Sementara dari ayahnya, H Teddy Thohir, Erick belajar mengenai pentingnya nama baik. Sebab, orang terbaik dapat dilihat dari karakternya. Hal itulah yang membuat Erick mampu beradaptasi dalam setiap jabatan yang diembannya.
Sikap kerja keras dan tidak mudah menyerah itulah yang juga ingin ditularkan Erick kepada orang-orang yang ditemuinya. Sebab, tidak penting bagaimana kita start, tapi yang terpenting adalah bagaimana finish-nya. Selain itu, Erick juga menekankan pentingnya dukungan dan support dari orang-orang terdekat saat ia bekerja demi kepentingan yang lebih luas.

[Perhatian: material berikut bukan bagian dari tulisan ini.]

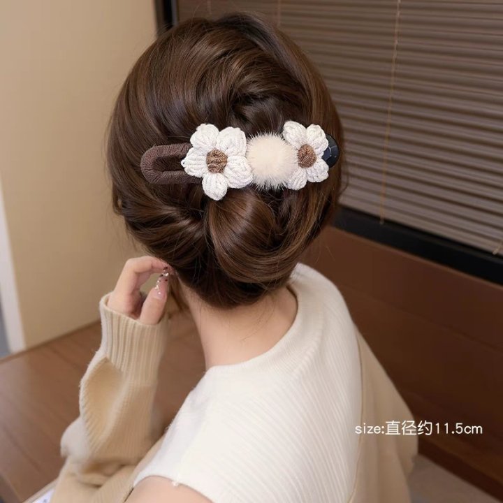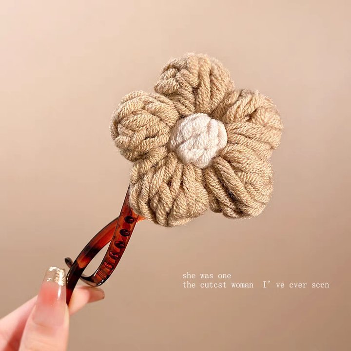 42# Khaki wool flower twist clip about 11cm
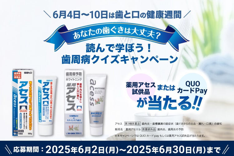 佐藤製薬株式会社(本社:東京都港区、社長:佐藤誠一)は、6月の「歯と口の健康週間」に合わせ、2025年6月2日(月)よりQUOカードPayまたは薬用アセス試供品が当たる『読んで学ぼう!歯周病クイズキャンペーン』を実施いたします。

Di bagian akhir, Erick memberi contoh Usain Bolt pada Olimpiade London 2012. Saat itu Bolt mengawali pertandingan dengan sangat buruk. Namun, pada 10 meter terakhir hingga menyentuh garis finish, Bolt melesat jauh mengakhiri start buruknya dan mencatatkan rekor baru pada Olimpiade dengan waktu 9,64 detik.
Memang, membaca buku ini seperti membaca buku motivasi dan bukan biografi. Di dalamnya banyak bertebaran kata-kata bijak pemacu semangat. Seorang filsuf pernah mengatakan, cara termudah untuk sukses adalah mempelajari cara orang sukses bekerja. Buku ini memberi gambaran yang baik soal itu tanpa pembaca merasa perlu digurui.